Concurrency: 150, throughput: 844.372 infer/sec, latency 176648 usec

and

Avg request latency: 176013 usec (overhead 3 usec + queue 174844 usec + compute input 18 usec + compute infer 1124 usec + compute output 23 usec)

and the approximate CPU usage by the container with the model is 143%.
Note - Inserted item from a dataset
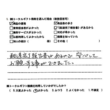 配達完了報告書があるので、安心してお願いする事ができました。

Conclusion: We get 22X throughput and 0.04X latency with the best configuration for concurrency = 150.

Formal report

  • System configuration is at top of the section
  • The task description is at top of the README.md
  • My model_repository/ is the following:
    mlopscourse/triton/model_repository/
    └── catboost
        ├── 1
        │   ├── model.py
        │   └── __pycache__
        │       ├── model.cpython-310.pyc
        │       └── model.cpython-38.pyc
        └── config.pbtxt
    
  • Experiments and motivation of the best configuration are given above
  • Throughput and latency metrics comparison is given above

N.B. Since I used python backend, there is no special script for the model conversion.